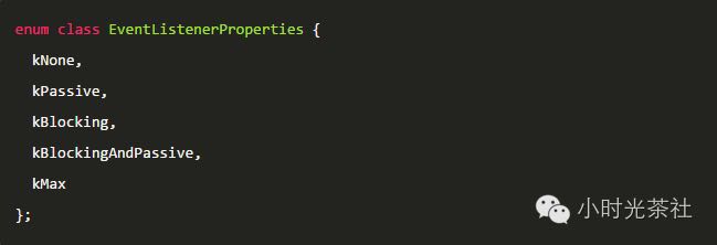 目前Chrome中监听器的类型属性值主要有四种:EventListenerProperties::kNone,EventListenerProperties::kPassive,EventListenerProperties::kBlocking,EventListenerProperties::kBlockingAndPassive,如下代码所述。
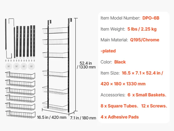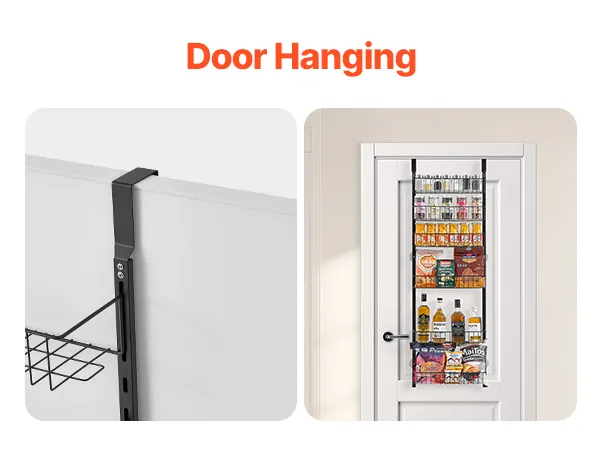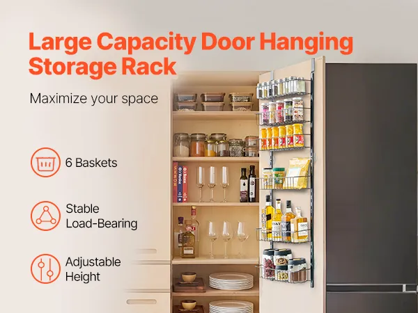 Dieser über der Tür hängende Vorratsschrank-Organizer verfügt über 6 große Körbe und maximiert so Ihre Lagerkapazität! Sie können ihn als Vorratsschranktür-Organizer, Gewürzregal oder Schrank-Organizer verwenden – perfekt für kleine Räume.
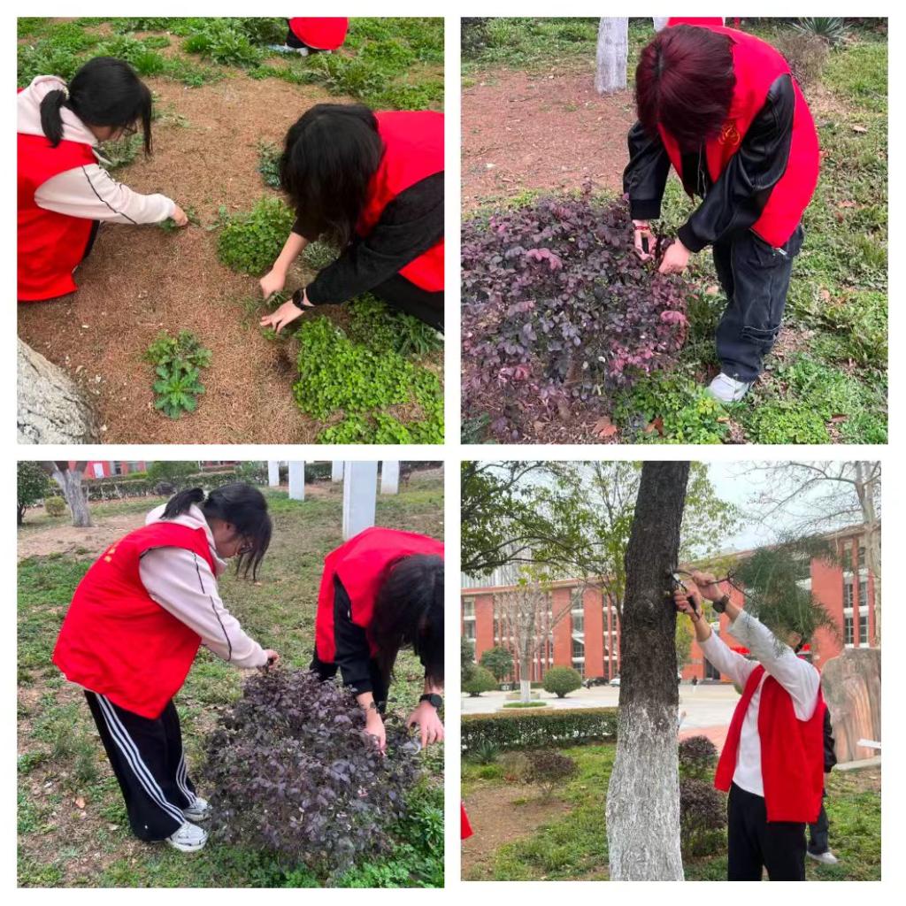 活动现场,同学们热情满满,纷纷化身“护绿小能手”,助力绿植更好地生长。他们分工协作,或手持修剪工具精心打理,或帮忙清理修剪下的枝叶,充分展现了新时代青年积极向上、乐于奉献的精神风貌。
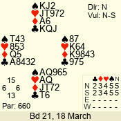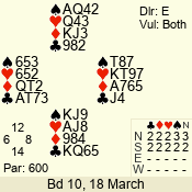 | Con | Dc | Res | Score | Ld | Pairs | Rd | Tbl | | 3 N | S | = | 600 | 9 | 05 - 02 | 4 | 5 |

⁂

■ **What this task involves**
With the pictures removed, return the listing above in its exact original wording.

■ **Expected output**
 目前Chrome中监听器的类型属性值主要有四种:EventListenerProperties::kNone,EventListenerProperties::kPassive,EventListenerProperties::kBlocking,EventListenerProperties::kBlockingAndPassive,如下代码所述。
 Dieser über der Tür hängende Vorratsschrank-Organizer verfügt über 6 große Körbe und maximiert so Ihre Lagerkapazität! Sie können ihn als Vorratsschranktür-Organizer, Gewürzregal oder Schrank-Organizer verwenden – perfekt für kleine Räume.
 活动现场,同学们热情满满,纷纷化身“护绿小能手”,助力绿植更好地生长。他们分工协作,或手持修剪工具精心打理,或帮忙清理修剪下的枝叶,充分展现了新时代青年积极向上、乐于奉献的精神风貌。
 | Con | Dc | Res | Score | Ld | Pairs | Rd | Tbl | | 3 N | S | = | 600 | 9 | 05 - 02 | 4 | 5 |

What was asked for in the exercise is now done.